Can the sum of $2025$ consecutive factorials be a perfect power?
My thoughts:
If the sum of $2025$ consecutive factorials is a perfect power, then the number of trailing zeroes in the sum must be a perfect (number of trailing zeroes)th power.
So this means that if the sum of $2025$ consecutive factorials is a perfect power, then the sum must be a perfect (number of trailing zeores)th residue $\pmod{p}$, where $p$ is a certain prime number.
For example, the sum of $10!+11!+12!+\cdots+2034!$ contains $2$ trailing zeroes as all factorials from $10!$ to $14!$ contains $2$ trailing zeroes, and since the sum contains $2$ trailing zeroes, then it must be a perfect square in order to be a perfect power.
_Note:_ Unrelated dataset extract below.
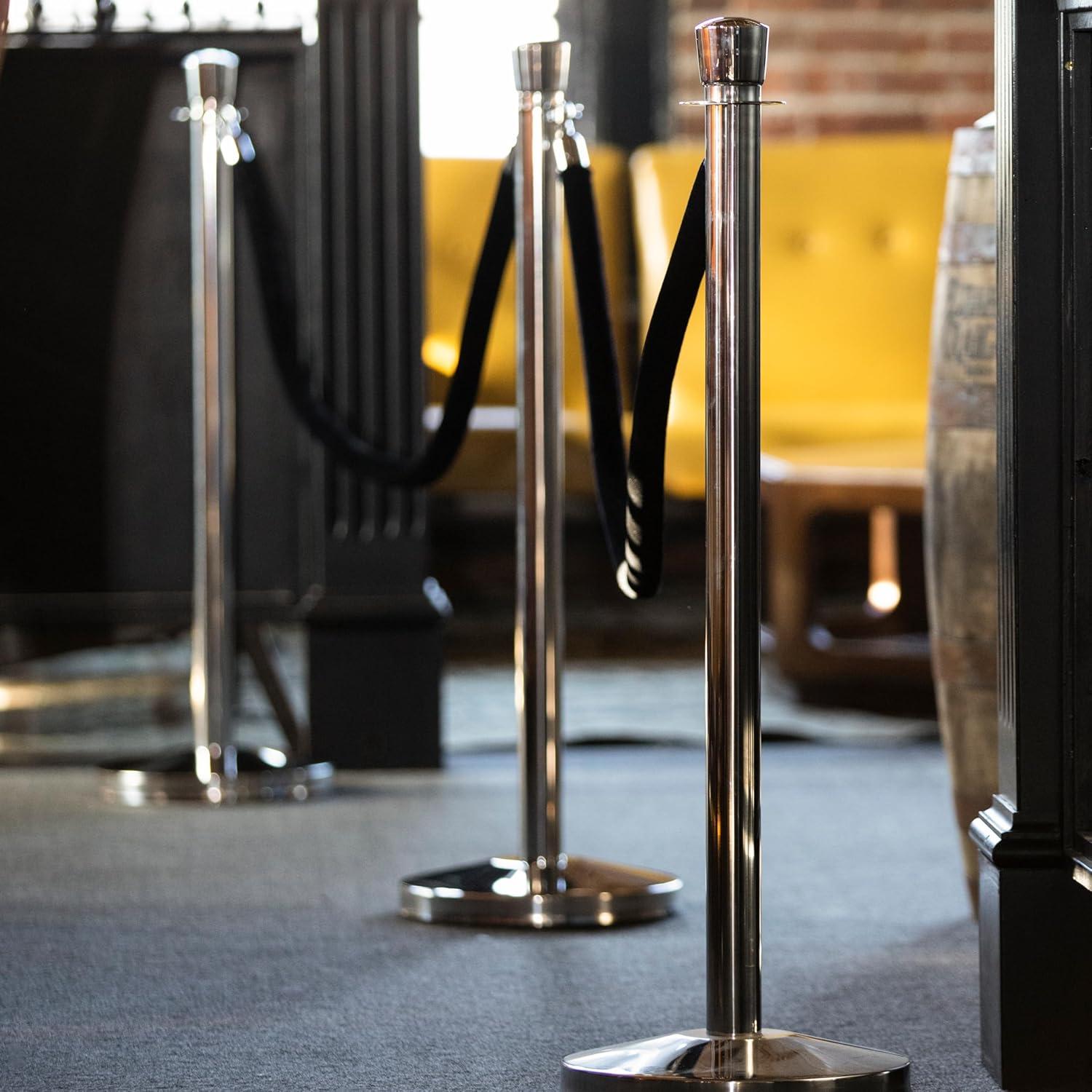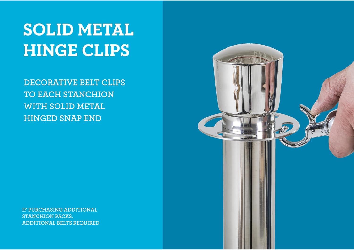 Includes two chrome stanchions and one 6’ long velvet rope with solid metal, hinged belt clips

By using Pari GP, I tried to check all factorials from $1!$ to $10^{6}!$, but I did not succeed.
Best Answer
Suppose $X=n!+(n+1)!+\cdots+(n+2024)!$ is a perfect power. Let $$Y=\frac X{n!}=1+(n+1)+(n+1)(n+2)+\cdots+(n+1)\cdots(n+2024).$$ Note that $$Y<\frac{(n+2025)!}{n!}<(n+2025)^{2025}.$$ For $X$ to be a perfect power, each prime which divides $n!$ exactly once must also divide $Y$. In particular, $$(n/2)^{\pi(n)-\pi(n/2)}\leq \prod_{n/2<p\leq n}p\leq Y\leq (n+2025)^{2025}.$$ This implies that $$\pi(n)-\pi(n/2)\leq 2025\log_{n/2}(n+2025);$$ as long as $n>200$, say, $n+2025<(n/2)^2$, and so we have \begin{equation}\tag{$\star$}\pi(n)-\pi(n/2)\leq 4050.\end{equation} On the other hand, we have explicit bounds on $\pi(n)$ from explicit versions of the prime number theorem: see for example this article of Dusart, as described on Wikipedia, which gives $$\frac{x}{\log x-1}\leq \pi(x)\leq \frac{x}{\log x-1.1}$$ for $x\geq 60184$. This implies, for $n\geq 130000$, \begin{align} \pi(n)-\pi(n/2) &\geq \frac n{\log n-1}-\frac{n/2}{\log(n/2)-1.1}\\ &>\frac n{\log n-1}\left(1-\frac{\log n-1}{2(\log(n/2)-2)}\right)\\ &=\frac n{\log n-1}\cdot\frac{\log n-3}{2\log n-4}. \end{align} As long as $\log n>10$, we have $$\pi(n)-\pi(n/2)\geq \frac n{\log n-1}\cdot\frac 7{16}.$$ Since $n/(\log n-1)$ is an increasing function of $n$, we have that, when $n\geq 130000$, $$\pi(n)-\pi(n/2)\geq \frac 7{16}\frac{130000}{\log(130000)-1}\geq \frac{7}{16}\cdot\frac{130000}{11}\geq 5000.$$ This contradicts ($\star$). We conclude that $X$ can only be a perfect power for $n<130000$. Since you have already checked these cases, we conclude that the sum in question is never a perfect power.